Worst of all, a dear friend, a minister at a small church, died last December of a congenital heart problem. He was 47. He had had health insurance, but gave it up because his partner had big child-support bills, and he needed that extra money in his paycheck. Had he been able to have yearly checkups, they might have found the “Swiss cheese” that was developing in his aorta in time to fix it. As it was, his emergency room visit when his partner adjudged there was no choice--the man was in so much pain--resulted in admittedly heroic measures from surgeons at a great Baltimore hospital who worked on him for nine hours…only to lose him because the disorder had so far progressed that the patches wouldn’t hold and he died in recovery. There will be no bill; the hospital--unique in my experience--offers free services under some conditions to those who cannot pay. Even though I am insured now, that’s where I’d want to go. My friend's doctors are among the few medical heroes around, even though, despite their lengthy, dedicated and brilliant work, they couldn’t save him. It was not they who were to blame; it is the American health care system that put the doctors and my friend into such a position.

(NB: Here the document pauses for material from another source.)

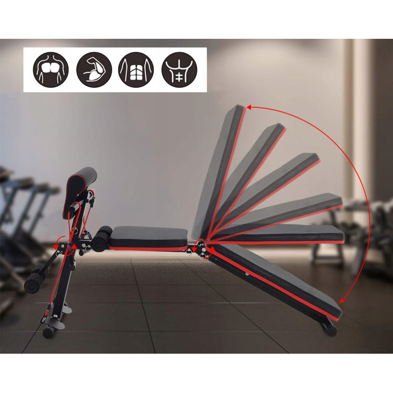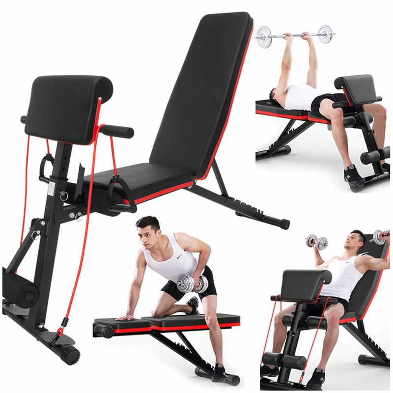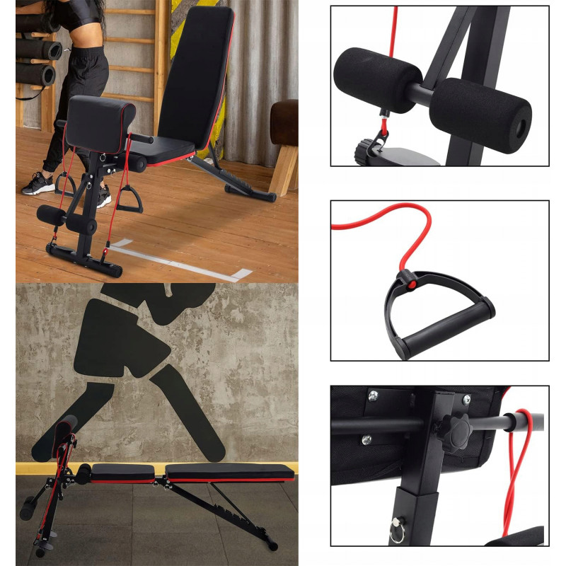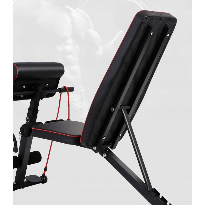 Banca de antrenament de inalta calitate, rezistenta, cu bara de rugaciune si elastice pentru exercitii. Echipamentul are o inclinare reglabila a spatarului (inclinare verticala, orizontala si negativa).
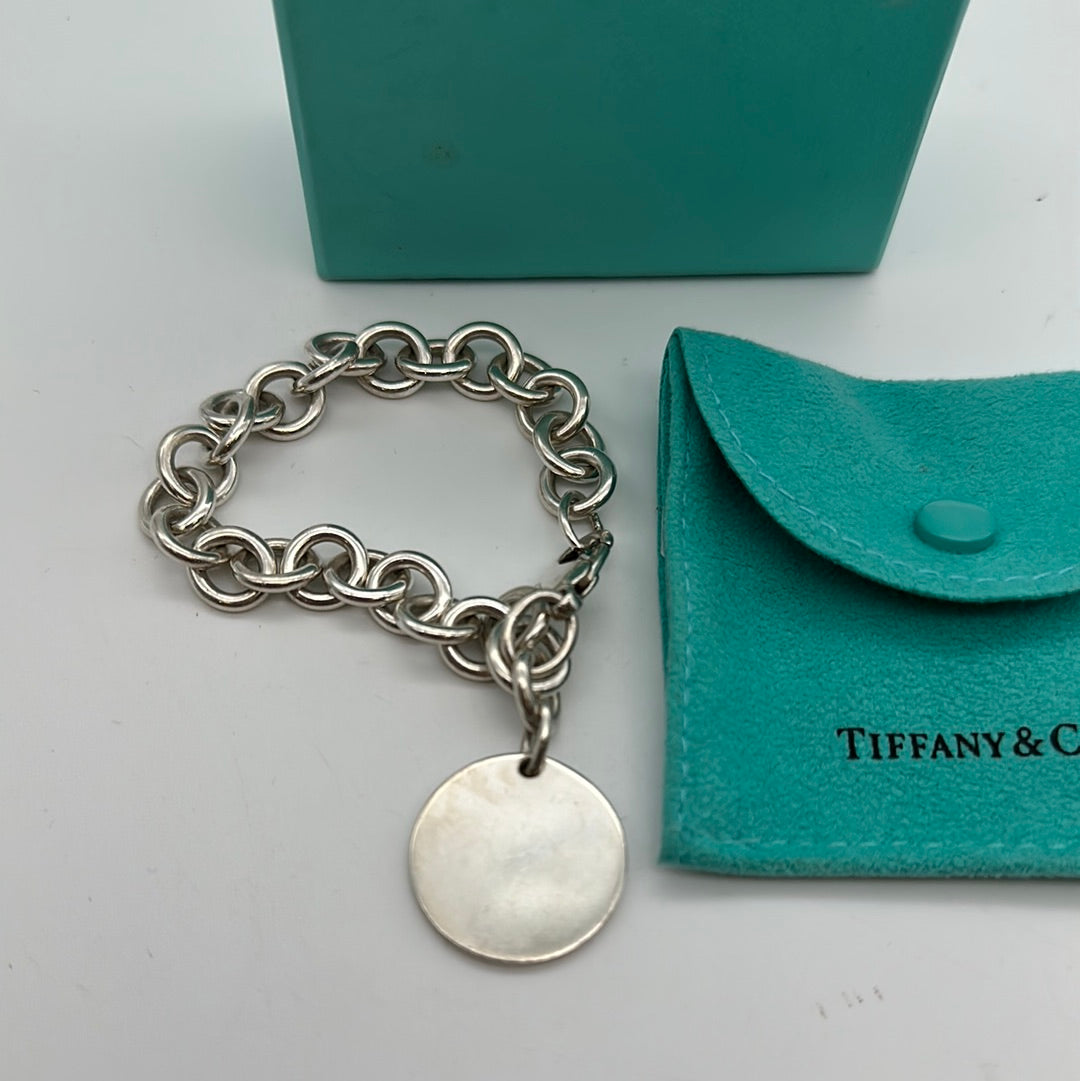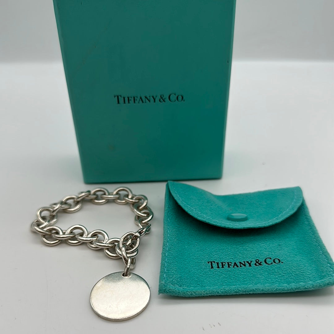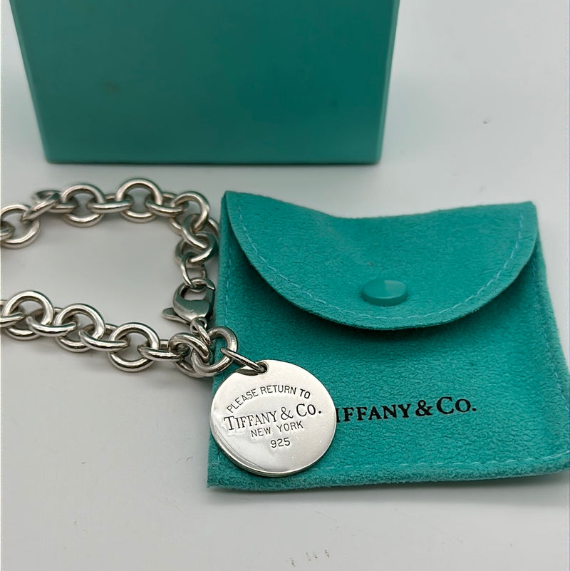 Inspired by the iconic key ring first introduced in 1969, the Return to Tiffany collection is a classic reinvented. Designed with an oversized round tag charm, the iconic design of this bracelet makes a bold style statement.

This is needless, and it is all your fault, dear A.M.A. and that of assorted dunderheads who very wrongly fear “socialized medicine.” Is it, in fact, ethical to stand in the way of Universal Health Care when what it would mean, basically, is that some patients might have to wait a while to have a benign wart removed, because people with disintegrating aortas needed help first? In England, many people buy a supplemental policy, if they choose and can afford it, which does provide semi-private doctors in case they want that wart gone NOW. My late British in-laws had it; they were both well cared for in their final illnesses. But those who don’t have it are still cared for in England...perhaps not with all the bells and whistles, but with dignity.

Is that, in the end, too much to ask? Is it ethical that you, the A.M.A., whose members vow to “First, do no harm,” should stand in the way of human health and, perhaps more tellingly, human dignity?

Is there any reason whatsoever that the rest of us?those 98 million uninsured Americans and however many of the rest of us have a conscience and some empathy and at least a buck or two left over at the end of the month….

Is there any reason we cannot amongst us mount a sufficiently bankrolled media campaign to leave A.M.A. obstructionism in the dust? It would be better, dear A.M.A., if you spent your anti-healthcare war chest on providing health care, and better, too, if the rest of us didn’t have to spend what might be health dollars campaigning to wrest our health care from those sworn to provide it who are refusing to do so and holding us all hostage in the meantime.